In terms of profitability, BCG posted ₹385 crore in profit before depreciation and provision for tax. McKinsey, by contrast, reported a net profit before tax of ₹75 crore, a smaller figure but one that insiders attribute largely to its higher payouts to equity partners.
In the last five years, the nature of client engagements has changed at a faster clip, say consultants.
“Consulting contracts are evolving—moving towards longer, outcome-based engagements. The old advisory-only model has given way to deeper partnerships,” said Siddharth Jain, chief executive, AT Kearney. “What used to be two- to three-month assignments now typically run 10–12 months, with execution and measurable outcomes becoming the default. At the same time, we’re seeing robust growth in client demand, as organisations increasingly seek partners who can drive tangible impact rather than just provide recommendations.”
Between 60-80% of the work at top management consulting firms comes from repeat clients.
Though the overall consulting pie is growing, competition for top mandates is intensifying, with Big Four consulting arms, mid-sized challengers such as Alvarez & Marsal and Oliver Wyman (now led by former BCG senior partner Sumit Saraogi), and IT giants like Accenture generating between $30–40 million in high-value management consulting work.
Even smaller global consulting firms have aggressive plans.
“Our value proposition is closer to MBB firms (McKinsey, BCG, Bain) than Big Four and other tech consulting firms. We have very ambitious expansion plans for our consulting business in India,” said Himanshu Bajaj, chief executive, Alvarez & Marsal India.
Like in India, the big battle in global consulting is between McKinsey and BCG.
$16 bn revenue in 2023
According to the last officially reported figures, McKinsey generated $16 billion in revenue in 2023, compared with BCG’s $12.3 billion. In 2024, BCG’s revenue rose to $13.5 billion, while McKinsey officially has not reported its numbers. McKinsey has been the market leader and gold standard since its founding in 1926, but BCG has been playing catch-up in recent years. Experts attribute BCG’s rise to its more adaptable client model, quicker pivots into high-growth areas such as ESG and technology and strong performance in fast-expanding markets like India, Japan, and Brazil.
In India, another major focus for these firms is their capability centres. These are rapidly growing over the past five years as global cost pressures increase, driving greater reliance on offshore talent and reshaping the traditional consulting delivery model. The Indian arms of McKinsey, Bain, and AT Kearney generate a combined Rs 2,642 crore in revenue from their capability centres and are scaling up aggressively to handle both back-end delivery and increasingly complex client mandates.

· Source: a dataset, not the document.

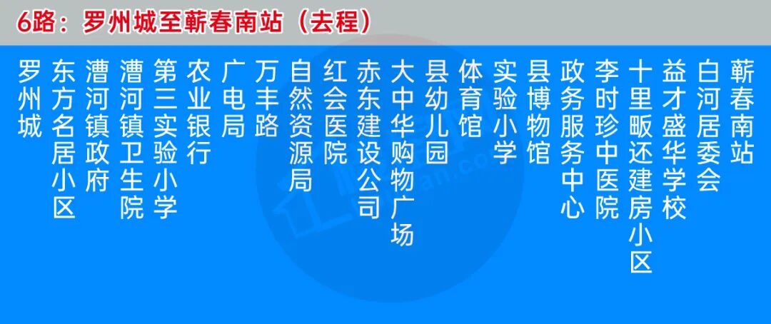 6路:罗州城至蕲春南站(去程)罗州城→东方名居小区→漕河镇政府→漕河镇卫生院→第三实验小学→农业银行→广电局→万丰路→自然资源局→红会医院→赤东建设公司→大中华购物广场→县幼儿园→体育馆→实验小学→县博物馆→政务服务中心→李时珍中医院→十里畈还建房小区→益才盛华学校→白河居委会→蕲春南站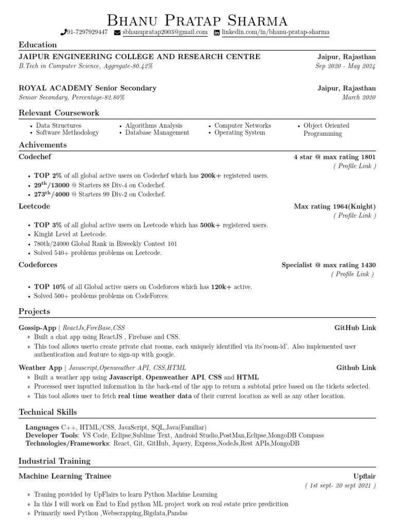 91-7297929447 # [email protected] ï linkedin.com/in/bhanu-pratap-sharma

For consultants globally and in India, artificial intelligence has been the new buzzword over the past couple of years. “AI today is what digital was five years ago,” said Jain of AT Kearney.
BCG’s Rahul Jain said consulting has evolved from being knowledge-based to focusing on execution and results. “Now it’s about capability, helping clients not just design strategies but build and strengthen businesses. AI will increasingly be an integral part of this journey, embedded across future client assignments.”